Actúan de modo distinto pero ambos


conducen a la ruptura a menos que, alertados, nos esforcemos por combatirlos.

Existen, al menos, dos maneras de matar el amor de pareja. Una es pausada y a fuego lento; la
otra ocurre de manera rápida –en sólo unos minutos, días o quizá semanas-. Ambas formas son
dolorosas, ambas nos precipitan al desamor por caminos distintos. La muerte lenta del amor
ocurre con la indiferencia, que es el principal enemigo del amor. El desinterés por el otro
desvincula e incapacita. El amor expira e la reiterada mirada ausente, en la caricia que no llega.
Casi siempre, la indiferencia de la otra persona duele más que un insulto o un golpe. En la
dejadez, se está desterrando afectivamente, se irreal y sombrío. El abandono siempre conlleva
un aire fantasmal: la negación del ser amado, la reducción a la condición de cosa del otro. No
hay vuelta de hoja: a la larga, la indiferencia mata al amor. Afortunadamente es así porque si no
persistiríamos en un imposible.

Por otro lado, la muerte súbita del amor acontece a manos de la decepción: la mezcla de
asombro negativo y desilusión. Algunos desengaños son esenciales y destruyen toda forma de
admiración, que es una de las puertas de entrada al amor. Es imposible amar a quien no se
admira, a menos para nosotros que no somos iluminados y santos. Se puede admirar sin amar,
es verdad, pero lo opuesto sólo se concibe desde la enfermedad.

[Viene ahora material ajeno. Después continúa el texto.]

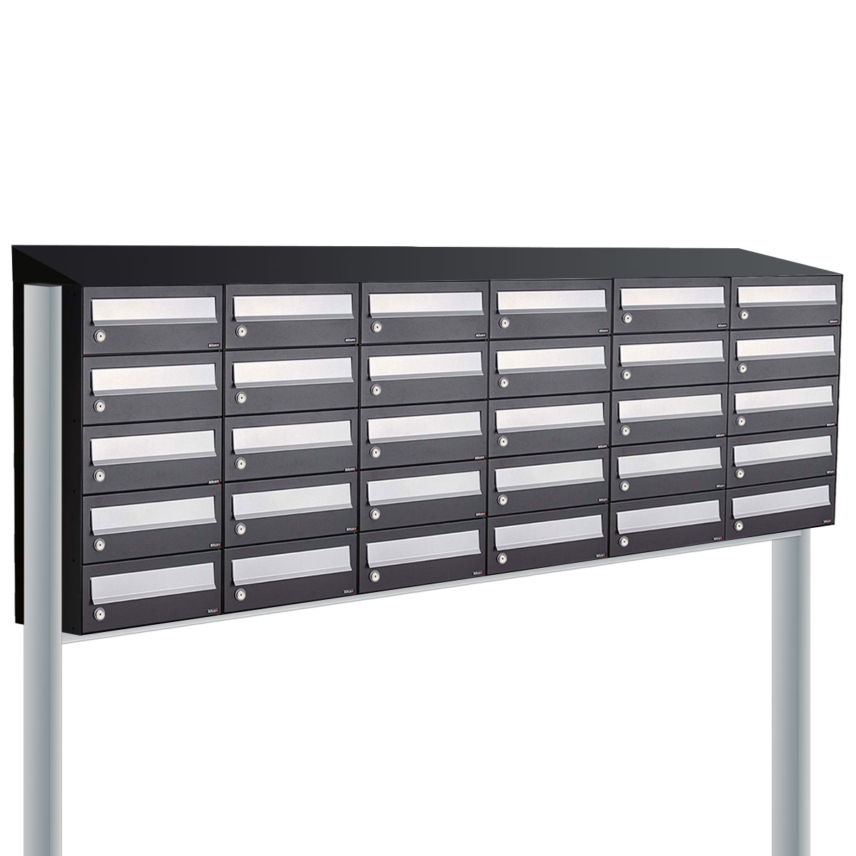Brievenbus Hive set 6-breed, 5-hoog met dak op statief zwart
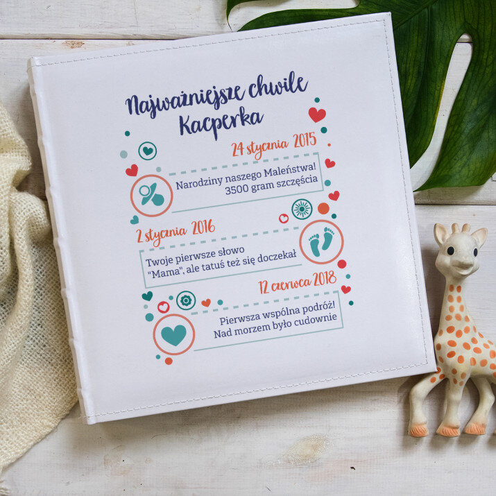 Ta zniewalająca pamiątka to nie tylko kolorowe fotografie powklejane na eleganckie strony - to skarbnica wyjątkowych uczuć. Dzięki niej emocje towarzyszące pierwszemu słowu czy pierwszej wspólnej podróży pozostaną przy Was na zawsze, zaczarowane w niezwykłym albumie. Spersonalizowany grawer dodaje przedmiotowi osobistości i niebanalnej elegancji.

Cuando tiene lugar la decepción esencial, se produce un crack profundo e indescriptible: algo se
rompe y, muy a nuestro pesar, no tiene arreglo. Y cuando intentamos pegar los pedazos, el
resultado es poco menos que lamentable. Aquello que era una porcelana impecable y bella,
ahora queda reducido a una pieza maltrecha, como una colcha hecha de retazos. La desilusión
es un soplo destructivo, una oscura onda de expansión devastadora. Muy pocas veces podemos
anticiparla; sólo sabemos de su existencia cuando acontece, en el momento preciso en que nos
deja el amor.

Lo curioso es que a pesar de la abrumadora evidencia en contra, algunos optimistas a ultranza


colocan el amor difunto en cuidados intensivos y encienden velas esperando el milagro de una
resurrección que nunca llega.

Parafraseando al filósofo alemán Friedrich Nietzsche, “el amor entre humanos es muy humano,
demasiado humano”, es decir, mundano y mortal. Es por ello por lo que de nosotros depende
mantenerlo vivo y defenderlo de sus detractores.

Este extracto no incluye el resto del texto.